Come narra una pia tradizione, entrando nei villaggi di quel paese idolatrico, le statue dei falsi dei, vere rappresentazioni del demonio, cadevano per terra e si riducevano in polvere. Così si adempiva la finalità per la quale, secondo Origene, erano stati inviati in Egitto dal Padre Eterno: "Vai, gli dice l'Angelo, con il Salvatore nella terra dell'Egitto, vivaio di idolatrie, affinché i loro idoli siano distrutti, i demoni tormentati e messi in fuga, e invece della moltitudine dei templi dei loro abomini, sorgano moltitudini di Chiese, commutando i vizi in santità e gli errori in vera religione".7

Non si conosce con certezza il luogo in cui sono rimasti. Secondo una certa tradizione, la Sacra Famiglia si sarebbe stabilita in una semplice casetta nel luogo occupato oggi da una chiesa copta ortodossa del Cairo. Più probabilmente, però, andarono a vivere vicino ad Alessandria, dove c'erano fiorenti comunità ebraiche.8

Durante il tempo in cui sono rimasti lì, quanto desiderio non avranno avuto Gesù, Maria e Giuseppe di lasciare quella nazione straniera e idolatra! Affinché si adempisse la scrittura "dall'Egitto ho chiamato mio Figlio" (Cfr. Mt 2,15), la Divina Provvidenza volle sottoporre a questa terribile prova coloro che più amava, per lunghi mesi.

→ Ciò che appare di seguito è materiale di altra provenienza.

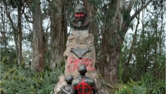 Las protestas por racismo, se direccionan ahora contra figuras como la del creador de Don Quijote atacando a su busto en San Franciso. También tumban una estatua de Fray Júnipero Serra.
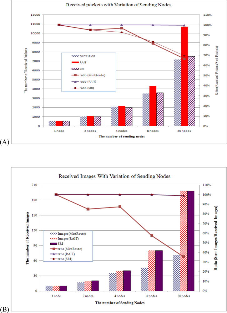 Figure 10 shows the number and ratio of received packets and images with variations in the number of sending nodes. In Figure 10 (A), bar graphs show the number of received packets with variations in the number of image-sending nodes, and the line graphs show the ratio computed by dividing the number of total received packets by the number of total sent packets. When only one sensor node sent images, MintRoute showed a 100% ratio of packet reception, but the packet reception ratio decreased even with two sensor nodes in MintRoute and SRI. As the number of sending nodes was increased, the packet reception ratio in MintRoute and SRI decreased drastically. When 20 sensor nodes were sending images, about 3,000 packets were lost, which was 33% of the sent packets. This result demonstrates that with MintRoute and SRI, many packets were lost due to network congestion caused by images. On the other hand, with RAIT, all sent packets were received by a sink node, showing a 100% reception ratio, even though the number of sending nodes was increased.

Si ritiene che nei primi tre giorni non abbiano avuto modo di nutrirsi se non attraverso l'elemosina che, con grande difficoltà, il padre nutritivo del Redentore riusciva ad ottenere. Solo dopo un certo tempo San Giuseppe cominciò a guadagnarsi il
loro sostentamento con il suo lavoro.

All'inizio vivevano in una tale povertà che il letto su cui dormivano non era altro che la dura terra. Anche la Regina degli Angeli cercava di aiutare il suo sposo con il lavoro delle sue preziose mani, facendo lavori di tessitura e di cucito.

"Sarà chiamato nazareno"

Avendo trascorso da uno a sette anni in questa regione lontana - le opinioni degli autori sono divergenti 9 - ecco che "un angelo del Signore apparve in sogno a Giuseppe in Egitto e gli disse: "Alzati, prendi con te il bambino e sua madre e và nel paese d'Israele; perché sono morti coloro che insidiavano la vita del Bambino'" (Mt 2, 19-20). Immediatamente, con lo spirito di prontezza e flessibilità che lo caratterizzava, "alzatosi, prese con sé il bambino e sua madre, ed entrò nel paese d'Israele" (Mt 2, 21).

Fuga Egito -Vitral Notre-Dame de Paris6.jpg
Sorsero tante difficoltà e problemi lungo il tragitto che San Giuseppe pensò di
cambiare destinazione, soltanto non lo fece a causa del mandato celeste

Prima di partire, il Santo Patriarca preparò il giumento che sarebbe servito per condurre la sua Sposa e suo Figlio. Senza dubbio avrebbero lasciato molta nostalgia nelle persone della regione che, influenzate dalle virtù che emanavano dalla Sacra Famiglia, finirono per aprire le loro anime per aderire alla vera Religione.

Tuttavia, il tempo designato dalla Provvidenza era già stato completato. Nuove sofferenze erano riservate al doloroso viaggio di ritorno che avrebbero dovuto fare. Quante volte il Bambino Gesù non avrebbe sofferto la fame e la sete in mezzo agli aridi deserti...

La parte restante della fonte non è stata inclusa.